Author: *Josip A. Borovac1
1. Division of Interventional Cardiology, Cardiovascular Diseases Department, University Hospital of Split (KBC Split), Croatia
*Correspondence to [email protected]
Disclosure: The author has declared no conflicts of interest.
Disclosure: EuroPCR, interventional cardiology, percutaneous coronary intervention, pharmacology, transcatheter aortic valve implantation (TAVR).
Citation: EMJ Int Cardiol. 2025;13[1]:23-27. https://doi.org/10.33590/emjintcardiol/WSHQ8501
THIS YEAR’S EuroPCR 2025 reached a record-breaking attendance of more than 12,000 participants and introduced a new ‘Complexity Track’, that encompassed catheter-lab reality TV, immersive imaging workshops, and AI, thus sending a ‘complex’ message that a modern interventionalist now needs as many software and technology skills as wire managing skills.
NEWS IN INTRAVASCULAR IMAGING
The headline coronary session was opened with the OCCUPI acute coronary syndrome (ACS) substudy. This study focused on 790 patients with ACS with complex anatomy.
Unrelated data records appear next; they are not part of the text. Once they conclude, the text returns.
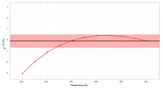 The results, shown in Figure 5, demonstrate that the relative variation of EDCSPRR(T) due to temperature does not exceed 3% in the 300 K–200 K temperature range and are even smaller than 0.5% for 230 < T < 300 K, i.e., below 10 km altitude.
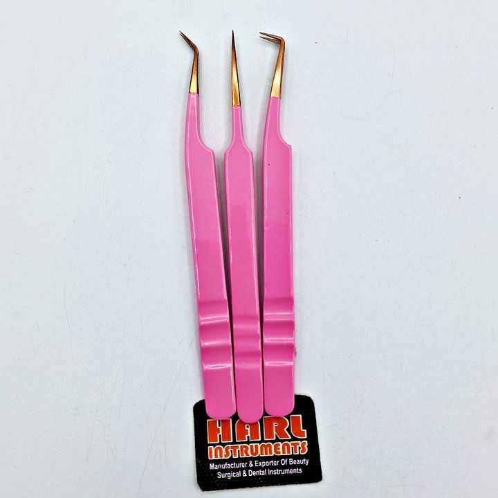 แหนบต่อขนตาปลายเรียวทำจากใยสีชมพูและสีโรสโกลด์แหนบ45และ90มุมสำหรับการต่อขนตาแบบกำหนดเอง
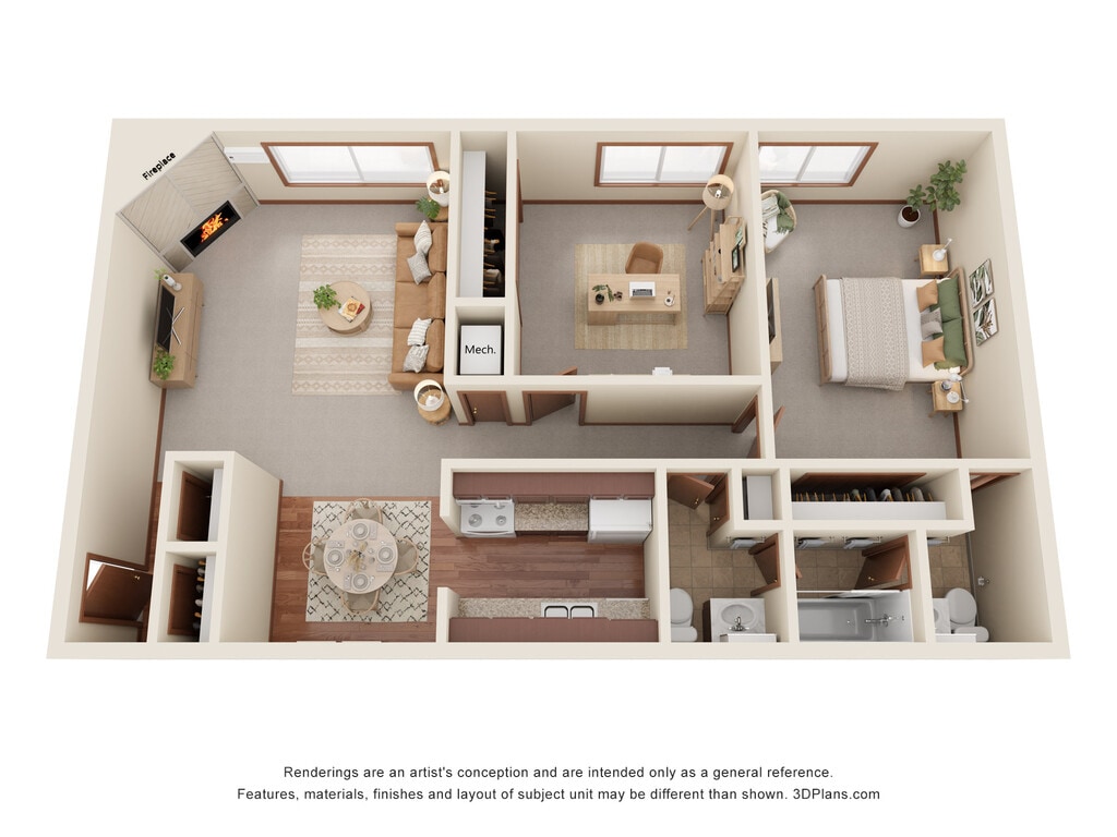 2 Dormitorios, 1 Baño, 800 pies²Disponible AhoraGalería del Modelo
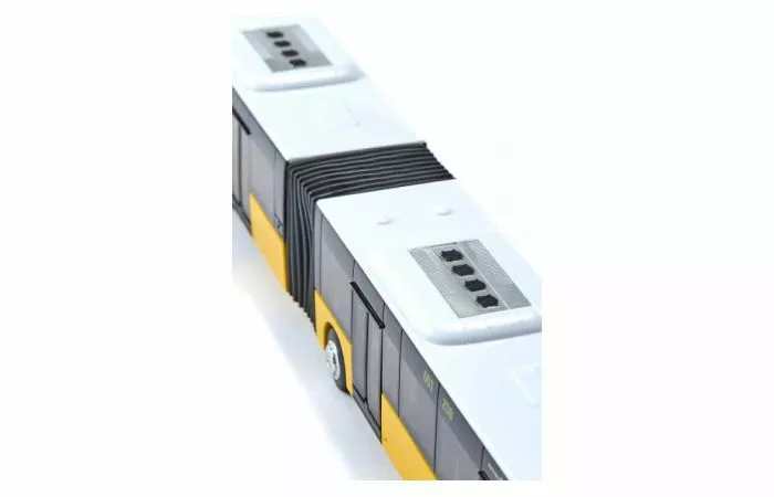 Zeer hoogwaardig busmodel van het originele voorbeeld MAN Lions City in de variant als harmonikabus in maatstaf 1:50. Wielen met gegommeerd loopvlak. 3-assen, waarbij de tweede en de derde as dubbele banden hebben. Deuren aan de rechter voertuigzijde om te openen. Motorklep achteraan om te openen. Getinte ruiten. Separate achteruitkijkspiegel en ingezette radiatorrooster. Lampen vooraan en achetraan uit kunststof. Dakopbouw met airconditioning-installatie.
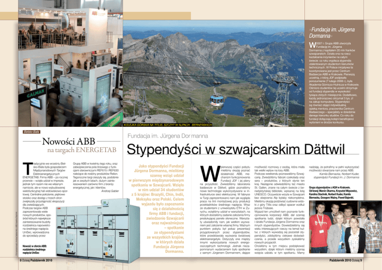 Wydarzenia »Fundacja im. Jürgena Dormanna« W 2007 r. Grupa ABB utworzyła Fundację im. Jürgena Dormanna z kapitałem 20 mln franków szwajcarskich. Działa ona na rzecz kształcenia inżynierów na całym świecie: co roku wypłaca stypendia utalentowanym studentom kierunków technicznych. W Polsce inicjatywa ta koordynowana jest przez Centrum Badawcze ABB w Krakowie. Pierwszą uczelnią, z którą JDF podpisała porozumienie (7 lutego 2008 r.), była Akademia Górniczo-Hutnicza w Krakowie. Ośmioro studentów tej uczelni otrzymuje od fundacji stypendia w wysokości tysiąca złotych miesięcznie. Dodatkowo, każdy jednorazowo otrzymał 3 tys. zł na zakup komputera. Stypendyści są również objęci indywidualną opieką mentora, pracownika Centrum Badawczego – specjalisty w dziedzinie danego kierunku studiów. Co roku do fundacji dołączają kolejni beneficjenci wyłonieni w drodze konkursu. KOLEJKA GÓRSKA NA TITLIS, SZCZYT W ALPACH BERNEŃSKICH Bielsko-Biała Nowości ABB na targach ENERGETAB Fot na kolumnach: Andrzej Gabler/Arch. ABB; Karolina Stachnik T radycyjnie we wrześniu Bielsko-Biała była gospodarzem Międzynarodowych Targów Elektroenergetycznych ENERGETAB. Firma ABB – po rocznej przerwie – wzięła udział w imprezie, jednak tym razem nie we własnym namiocie, ale w nowo wybudowanej wielofunkcyjnej hali widowiskowo-sportowej. Centralne położenie, piętrowe stoisko oraz dostęp z trzech stron zwiększały przystępność ekspozycji dla zwiedzających. Podczas targów ABB zaprezentowała wiele nowych produktów, spośród których największe zainteresowanie budziły rozdzielnica napowietrzna średniego napięcia UniSec, wprowadzona do sprzedaży przez Nowość w ofercie ABB: rozdzielnica średniego napięcia UniSec 8 Dzisiaj Październik 2010 Grupę ABB w kwietniu tego roku, oraz zabezpieczenia pola liniowego z funkcjami sterowniczymi REF615 i REF630 należące do rodziny produktów Relion. Tegoroczne targi cieszyły się, podobnie jak w zeszłych latach, dużym zainteresowaniem zarówno firm z branży energetycznej, jak i klientów. Andrzej Gabler Fundacja im. Jürgena Dor manna Stypendyści w szwajcarskim Dättwil Jako stypendyści Fundacji Jürgena Dormanna, mieliśmy szansę wziąć udział w pierwszym międzynarodowym spotkaniu w Szwajcarii. Wzięło w nim udział 34 studentów z 5 krajów: Brazylii, Chin, Indii, Meksyku oraz Polski. Celem wyjazdu było zapoznanie się z działalnością firmy ABB i fundacji, zwiedzenie Szwajcarii oraz najważniejsze – spotkanie ze stypendystami ze wszystkich krajów, w których działa Fundacja Jürgena Dormanna. W pierwszej części pobytu mieliśmy okazję poznać działalność ABB, mechanizm funkcjonowania Fundacji JDF i jej plany na przyszłość. Zwiedziliśmy laboratoria badawcze w Dättwil, gdzie poznaliśmy nowe technologie wykorzystywane w infrastrukturze sieci elektrycznej. W fabryce w Turgi zaprezentowano nam jak wygląda praca na linii montażowej przy produkcji przekładników średniego napięcia. Wraz ze studentami z uniwersytetu ETH w Zurychu, wzięliśmy udział w warsztatach, na których dostaliśmy zadanie założenia firmy produkującej panele słoneczne. Warsztaty uświadomiły nam, jak wielkim wyzwaniem jest założenie własnej firmy. Ważnym punktem pobytu był pokaz prezentacji przygotowanych przez stypendystów, które przedstawiały wyzwania światowej elektroenergetyki. Dotyczyły one między innymi wykorzystania nowych energooszczędnych technologii. Jednak niezapomnianym wydarzeniem było spotkanie z samym Jürgenem Dormannem, dające możliwość rozmowy z osobą, która miała tak wielki wpływ na losy ABB. Podczas weekendu poznawaliśmy Szwajcarię. Zwiedziliśmy fabryki czekolady oraz sera – produktów, z których słynie ten kraj. Następnie odwiedziliśmy też miasto St. Gallen, znane na całym świecie z benedyktyńskiej biblioteki, wpisanej na listę UNESCO. Oczywiście wizyta w Szwajcarii bez obejrzenia Alp byłaby niekompletna. Mieliśmy okazję podziwiać cudowne widoki z góry Titlis oraz odbyć spacer wzdłuż jeziora Trübsee. Wyjazd ten umożliwił nam poznanie funkcjonowania korporacji ABB, dał szansę spotkania ludzi, dzięki którym powstała i działa Fundacja Jürgena Dormanna oraz innych stypendystów. Dowiedzieliśmy się wielu interesujących rzeczy na temat kultur, z których wywodzą się pozostali stypendyści, zdobyliśmy ciekawe doświadczenia, a przede wszystkim zyskaliśmy nowych przyjaciół. Chcieliśmy w tym miejscu podziękować wszystkim, dzięki którym mieliśmy szansę wzięcia udziału w tym spotkaniu. Mamy nadzieję, że potrafimy w pełni wykorzystać możliwości stwarzane nam przez ABB. Kamila Biernacka, Norbert Kuder, stypendyści Fundacji im. J. Dormanna Grupa stypendystów z AGH w Krakowie. Od lewej: Marcin Okarma, Krzysztof Mięsowicz, Karolina Stachnik, Norbert Kuder, Kamila Biernacka, Grzegorz Ważny, Paweł Bajerski. Październik 2010 Dzisiaj 9
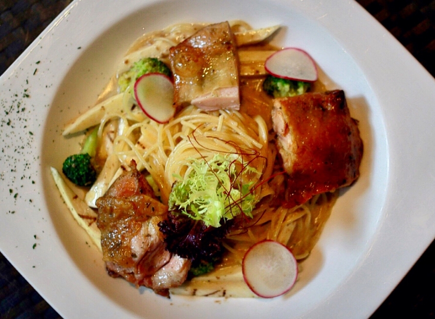 義大利麵條還算Q彈,雞肉煎的恰到好,唯獨就醬汁口味偏淡了些。
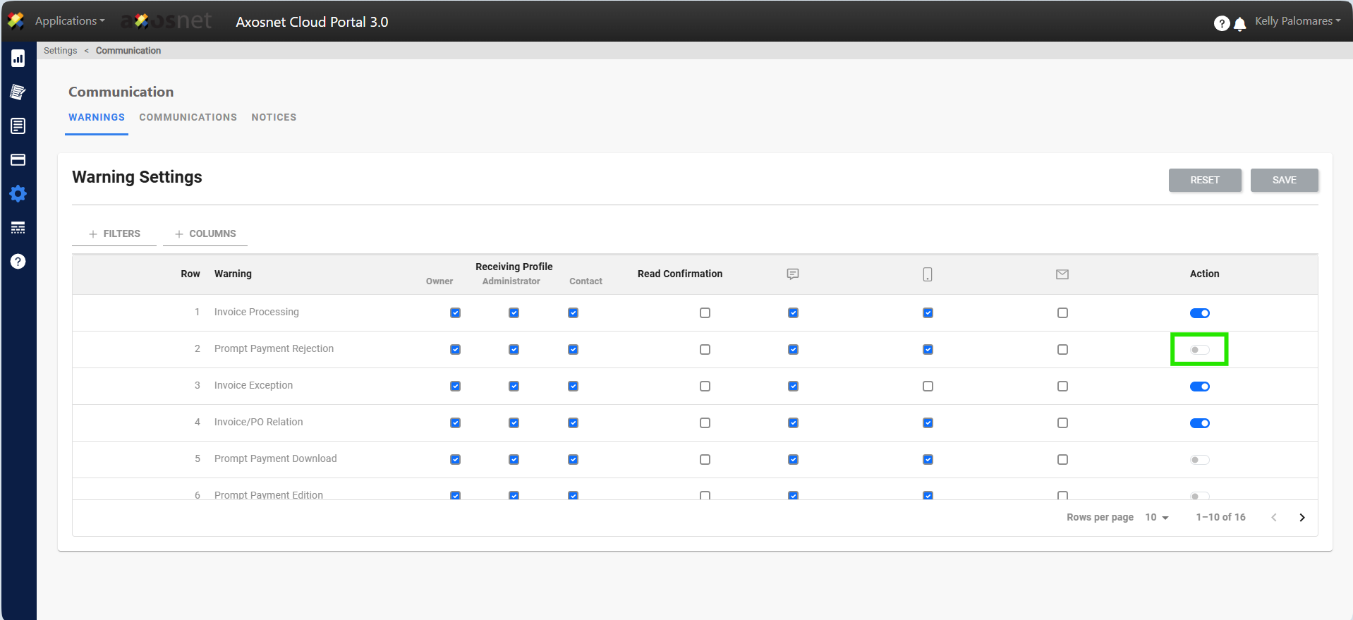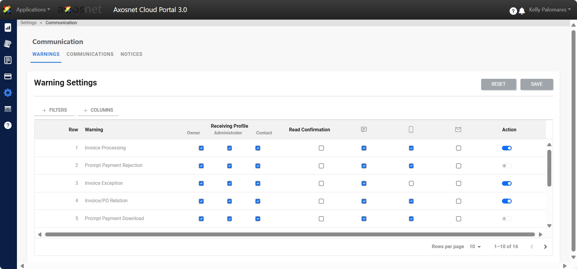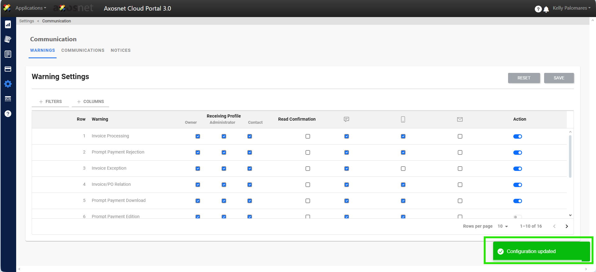 For example, to configure the supplier to receive a notification (warning) when the customer returns an invoice with an exception, follow these steps:
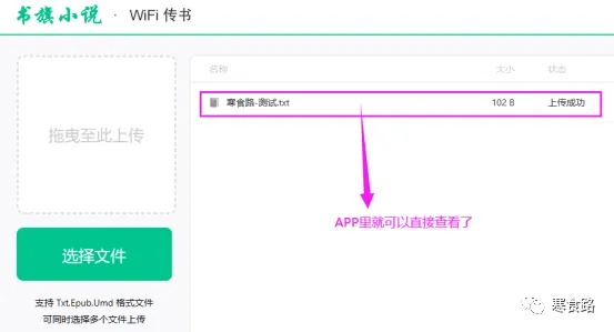 书旗小说的WIFI传输功能还是很赞的。PC可以直接将txt等相关文档直接上传到书旗APP的书架里。用户可以直接进入APP阅读小说。
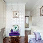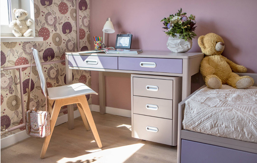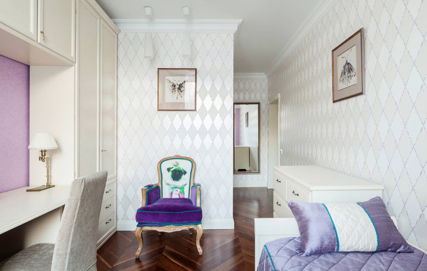 Jeśli zastosujesz liliową tapetę w połączeniu z beżowymi i mlecznymi tonami, możesz uzyskać emocjonalnie zrównoważone wnętrze. Ponadto w samej dekoracji nie muszą występować tony pomocnicze. Mogą być częścią tekstyliów lub mebli. Dzięki temu kontrastowi w pokoju dziecięcym ukształtuje się pozytywny nastrój.
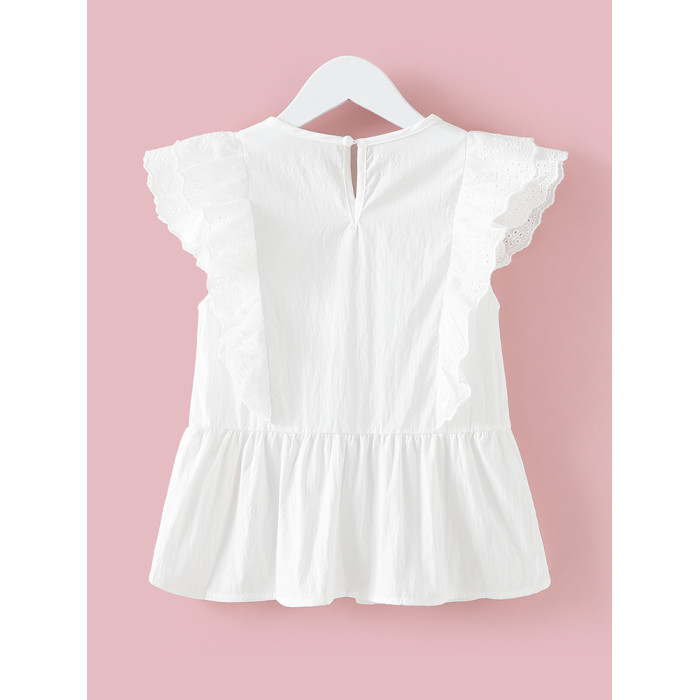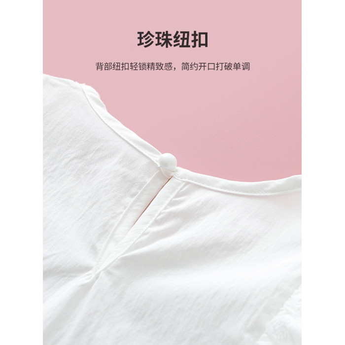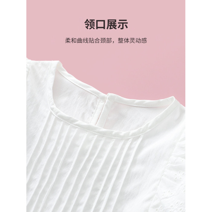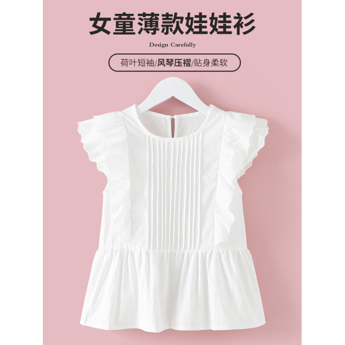 女童短袖白色襯衫夏季2025新款兒童夏裝娃娃衫上衣女孩薄襯衣純色

It showed that optical coherence tomography (OCT)-guided percutaneous coronary intervention cut the 12-month composite of cardiac death, myocardial infarction, stent thrombosis, or target-vessel revascularisation from 9.5% to 4.9% (hazard ratio: 0.50), compared with plain angiography alone, which was largely driven by fewer periprocedural infarcts.1 Discussants noted that the benefit emerged within 30 days and persisted, echoing earlier bifurcation data, but this time in the emergent ACS setting. This study highlighted the point that was firmly maintained in numerous sessions throughout the congress; intravascular imaging nowadays is a must for the modern interventionalist to improve patient outcomes, and we all need to put in the hard work to increase penetration of these technologies in our everyday cath lab practice.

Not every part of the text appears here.